**What to do**
Each entry should be repeated exactly. Its pictures should not be.

Top of Records shown

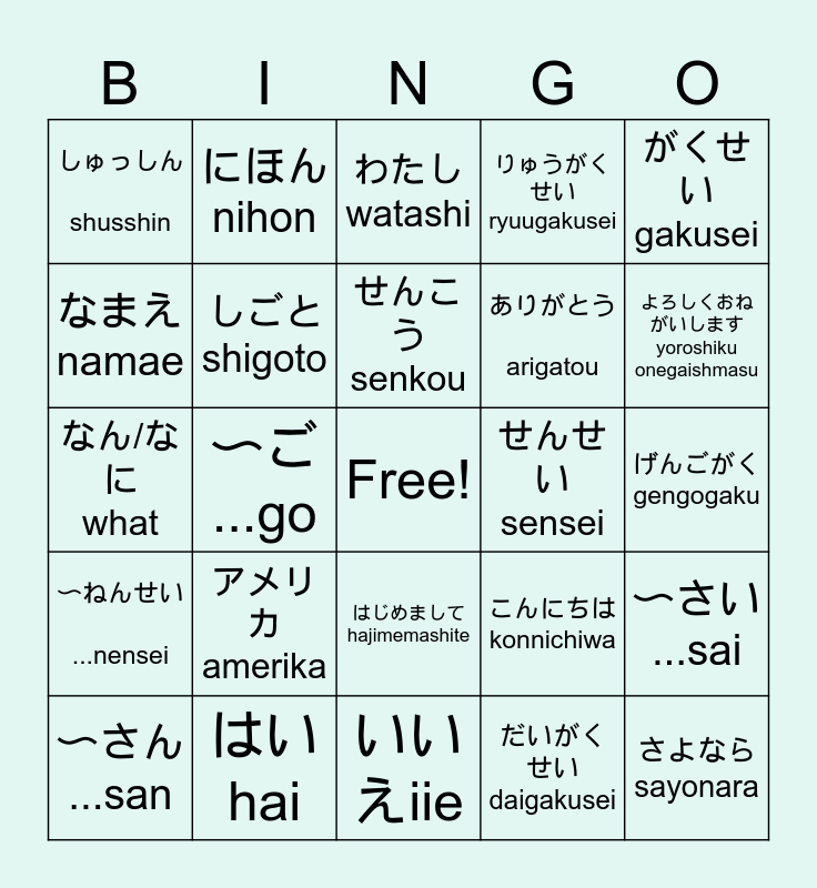 This bingo card has a free space and 24 words: アメリカ amerika, はい hai, せんこうsenkou, 〜さん ...san, がくせい gakusei, しゅっしん shusshin, なまえ namae, にほんnihon, せんせい sensei, はじめましてhajimemashite, ありがとう arigatou, なん/なに what, こんにちはkonnichiwa, 〜さい ...sai, しごとshigoto, だいがくせい daigakusei, げんごがく gengogaku, わたしwatashi, よろしくおねがいします yoroshiku onegaishmasu, 〜ご ...go, さよなら sayonara, 〜ねんせい ...nensei, りゅうがくせい ryuugakusei and いいえiie.
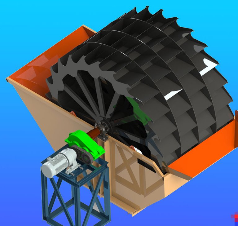 該洗砂機由傳動系統、輪斗、機架等主要部件組成,電動機通過三角皮帶經減速機,小齒輪與大齒輪嚙合,從而帶動輪斗轉動,輪斗把洗砂槽內洗凈的砂子提出,通過皮帶輸送至集料場。
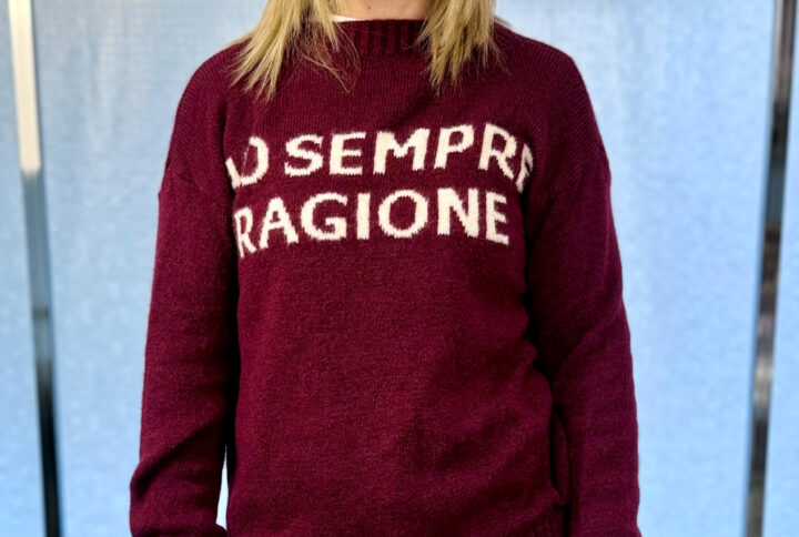A rendere unico il design sono le frange decorative sul fondo, che aggiungono movimento e un tocco boho-chic. Completano lo stile alcuni inserti luminosi discreti integrati nella lavorazione, che catturano delicatamente la luce e donano profondità al colore, rendendo il maglione adatto anche a contesti serali informali.
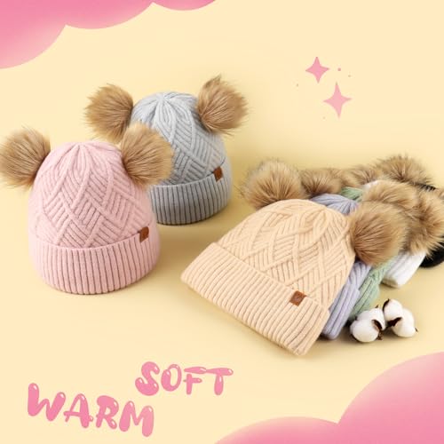 Kids Winter Hats and Scarf Sets Baby Beanie Double Pom Pom Toddler Winter Hat for 2-12 Year Old Boys and Girls. 6
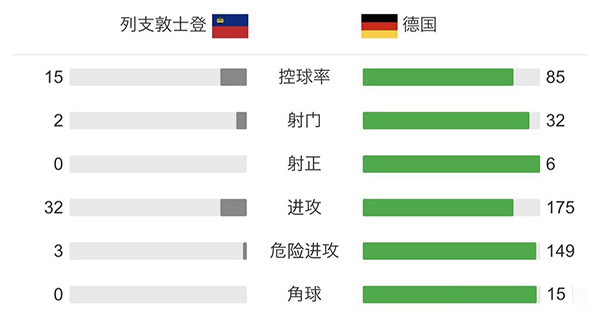 24直播网讯:北京时间9月3日2:45,世预赛欧洲区J组的一场较量,德国在瑞士圣加仑的康步公园球场,对阵列支敦士登。上半场,穆夏拉助攻维尔纳破门,列支敦士登暂时0-1德国;下半场,格雷茨卡主助攻萨内破门。最终,德国客场2-0轻取列支敦士登。
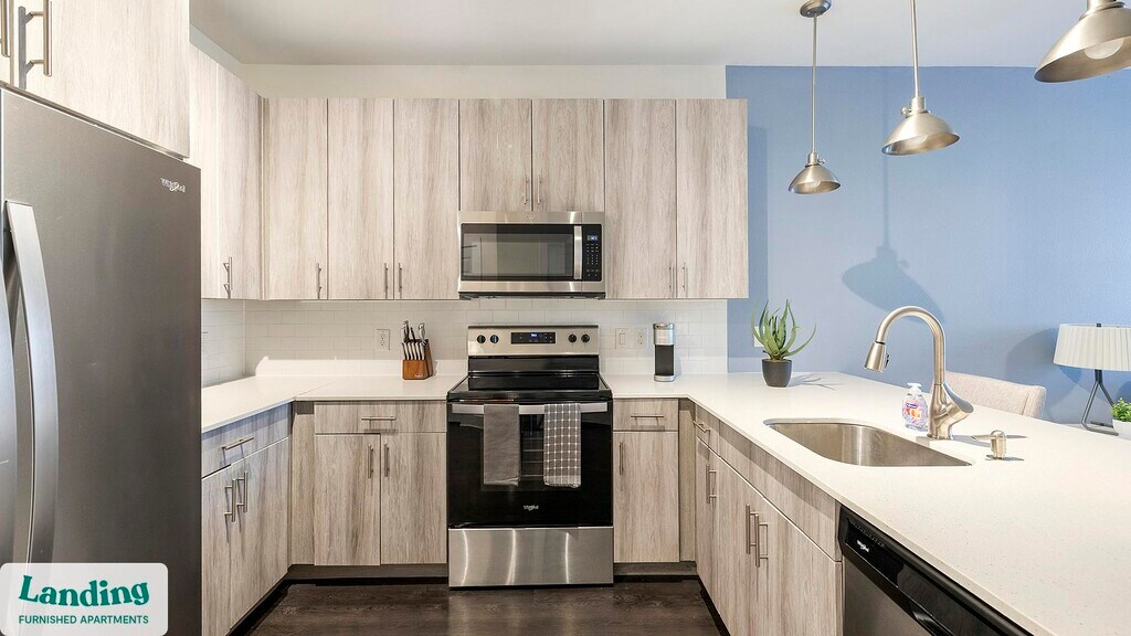 Landing offers flexible lease terms from weeks to months. Please always visit our website or contact us for the latest pricing & availability. Stay longer, save more: 6-Month Minimum base rent: starts at $1725/mo 12-Month Minimum base rent: starts at $1825/mo Landing offers flexible leases across a network of over 35,000 fully-furnished apartments throughout 375+ cities so you can rent on your terms, practically anywhere, and avoid the hassle of paying deposits or application fees. Visit to learn about all the benefits of a Landing membership, see our competitive up-to-date pricing, explore available apartments, take virtual tours, and make reservations online without jumping through traditional rental hoops. Landing's apartments at Broadway Chapter are designed for comfortable, easy living, with the ability to stay as long as you like. Experience living with Landing Every apartment is outfitted with all the modern essentials including: custom-designed furnishings, a fully-equipped kitchen with deluxe stainless steel appliances, a gourmet coffee maker, premium linens, Smart TVs, and incredibly fast, reliable internet for working from home. When you live with Landing, you'll enjoy a hassle-free experience with the added benefit of 24/7 access to our dedicated member experience team. Some of the nitty-gritty: a background check and proof of income are required; we're completely smoke-free; bundled utility packages and pricing vary based on length of stay; pet-friendly options available; listed price reflects a 12-month minimum stay.
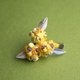 透过丝线以缠绕铁丝与纸片,之后再形塑出花卉造型。
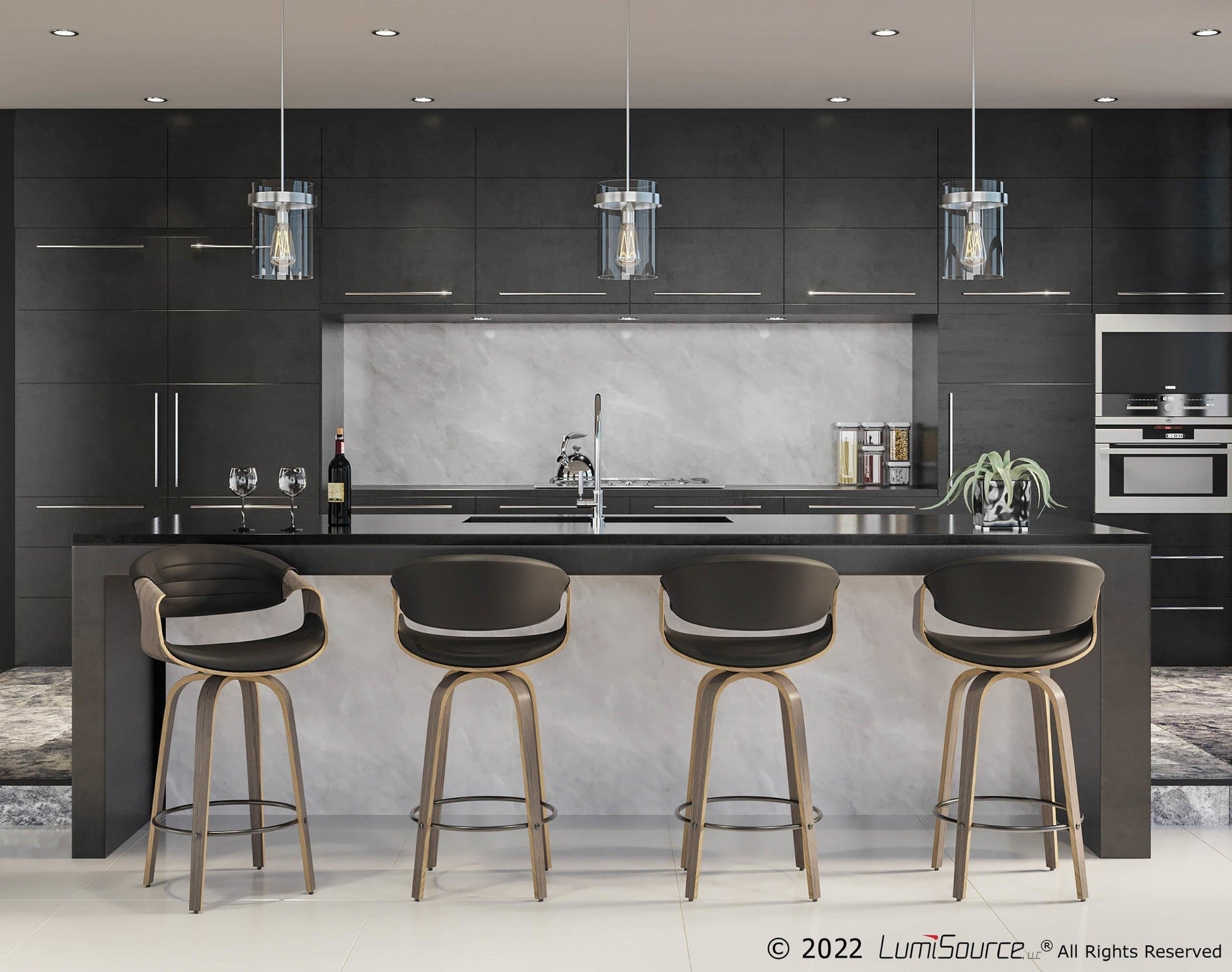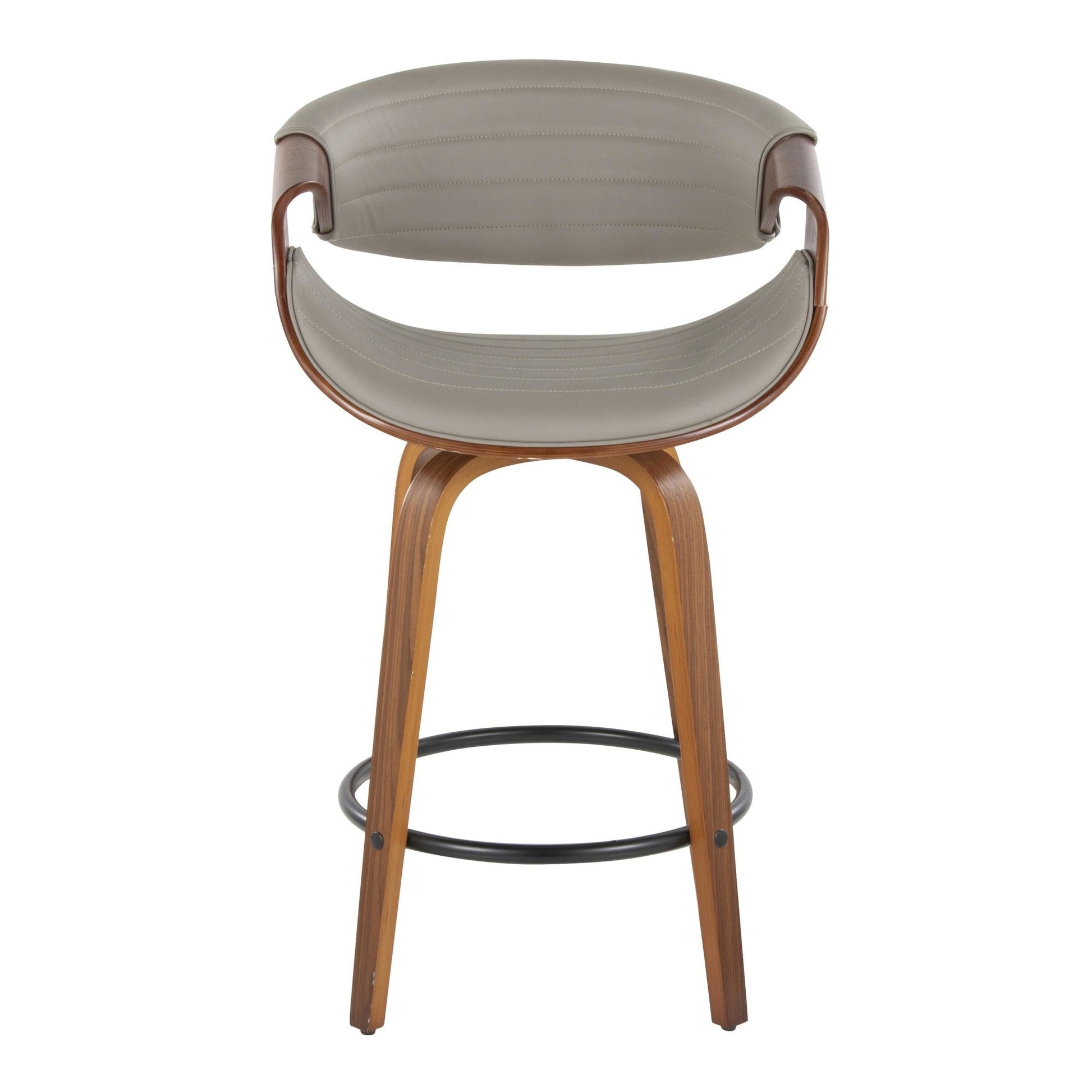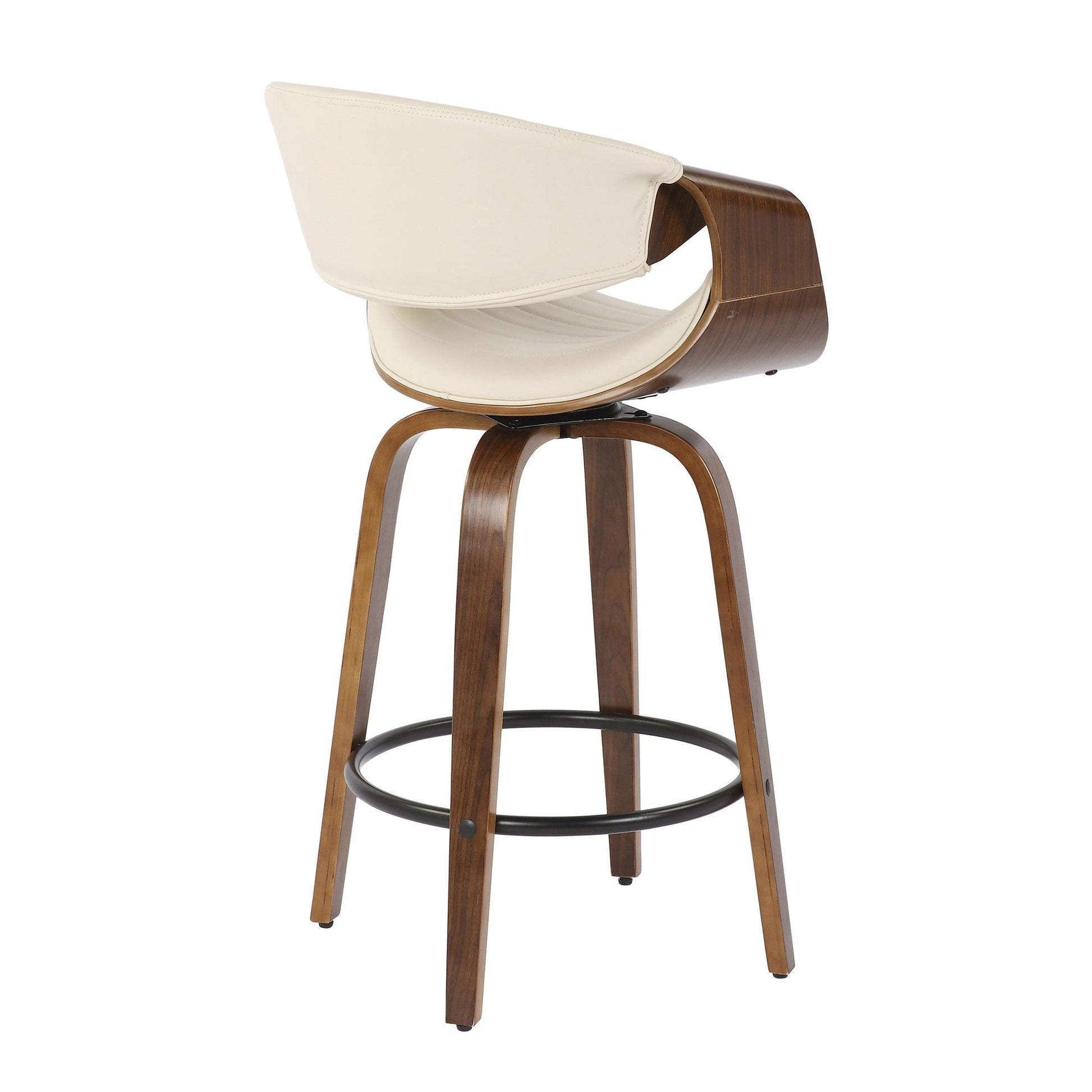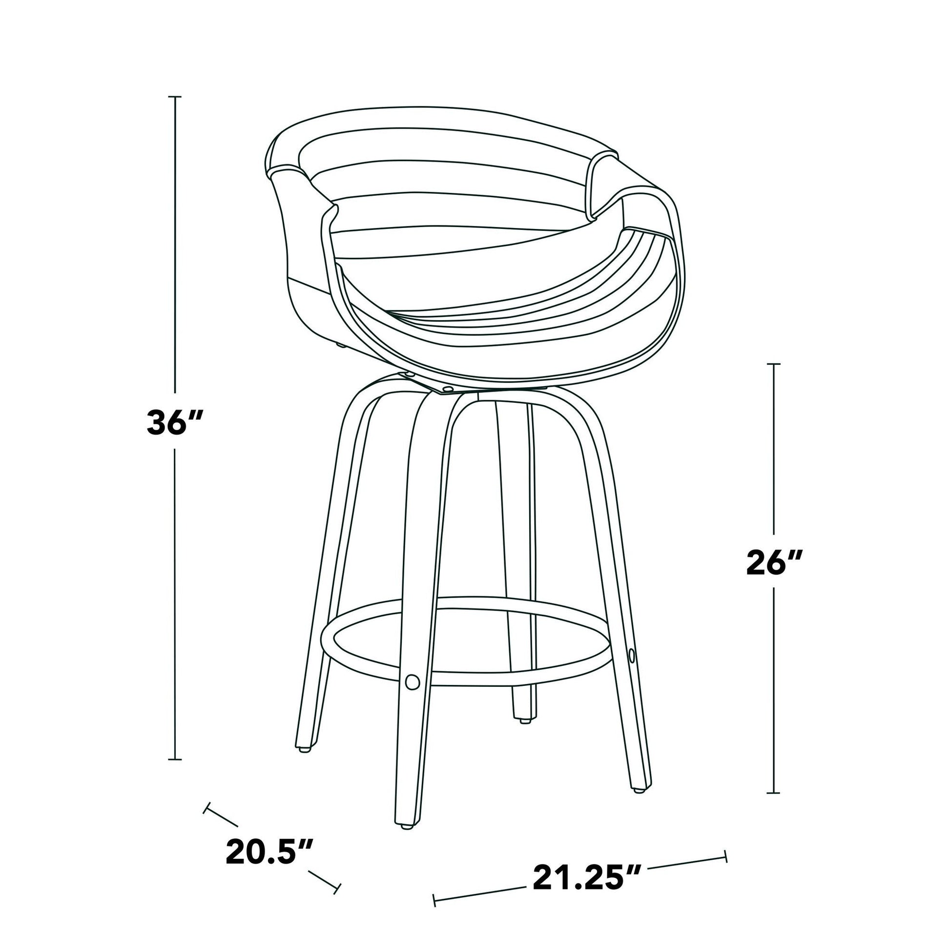 A curvaceous dose of Mid-Century style, the unique design, and silhouette of the Counter Stool by Majestic Office Furniture will look great pulled up to any counter! Upholstered in a sleek faux leather accented with vertical tufting and walnut colored bent wood legs, the comes in a variety of colors to fit in any room.

Bottom of Records shown

**The completed task**
 This bingo card has a free space and 24 words: アメリカ amerika, はい hai, せんこうsenkou, 〜さん ...san, がくせい gakusei, しゅっしん shusshin, なまえ namae, にほんnihon, せんせい sensei, はじめましてhajimemashite, ありがとう arigatou, なん/なに what, こんにちはkonnichiwa, 〜さい ...sai, しごとshigoto, だいがくせい daigakusei, げんごがく gengogaku, わたしwatashi, よろしくおねがいします yoroshiku onegaishmasu, 〜ご ...go, さよなら sayonara, 〜ねんせい ...nensei, りゅうがくせい ryuugakusei and いいえiie.
 該洗砂機由傳動系統、輪斗、機架等主要部件組成,電動機通過三角皮帶經減速機,小齒輪與大齒輪嚙合,從而帶動輪斗轉動,輪斗把洗砂槽內洗凈的砂子提出,通過皮帶輸送至集料場。
A rendere unico il design sono le frange decorative sul fondo, che aggiungono movimento e un tocco boho-chic. Completano lo stile alcuni inserti luminosi discreti integrati nella lavorazione, che catturano delicatamente la luce e donano profondità al colore, rendendo il maglione adatto anche a contesti serali informali.
 Kids Winter Hats and Scarf Sets Baby Beanie Double Pom Pom Toddler Winter Hat for 2-12 Year Old Boys and Girls. 6
 24直播网讯:北京时间9月3日2:45,世预赛欧洲区J组的一场较量,德国在瑞士圣加仑的康步公园球场,对阵列支敦士登。上半场,穆夏拉助攻维尔纳破门,列支敦士登暂时0-1德国;下半场,格雷茨卡主助攻萨内破门。最终,德国客场2-0轻取列支敦士登。
 Landing offers flexible lease terms from weeks to months. Please always visit our website or contact us for the latest pricing & availability. Stay longer, save more: 6-Month Minimum base rent: starts at $1725/mo 12-Month Minimum base rent: starts at $1825/mo Landing offers flexible leases across a network of over 35,000 fully-furnished apartments throughout 375+ cities so you can rent on your terms, practically anywhere, and avoid the hassle of paying deposits or application fees. Visit to learn about all the benefits of a Landing membership, see our competitive up-to-date pricing, explore available apartments, take virtual tours, and make reservations online without jumping through traditional rental hoops. Landing's apartments at Broadway Chapter are designed for comfortable, easy living, with the ability to stay as long as you like. Experience living with Landing Every apartment is outfitted with all the modern essentials including: custom-designed furnishings, a fully-equipped kitchen with deluxe stainless steel appliances, a gourmet coffee maker, premium linens, Smart TVs, and incredibly fast, reliable internet for working from home. When you live with Landing, you'll enjoy a hassle-free experience with the added benefit of 24/7 access to our dedicated member experience team. Some of the nitty-gritty: a background check and proof of income are required; we're completely smoke-free; bundled utility packages and pricing vary based on length of stay; pet-friendly options available; listed price reflects a 12-month minimum stay.
 透过丝线以缠绕铁丝与纸片,之后再形塑出花卉造型。
 A curvaceous dose of Mid-Century style, the unique design, and silhouette of the Counter Stool by Majestic Office Furniture will look great pulled up to any counter! Upholstered in a sleek faux leather accented with vertical tufting and walnut colored bent wood legs, the comes in a variety of colors to fit in any room.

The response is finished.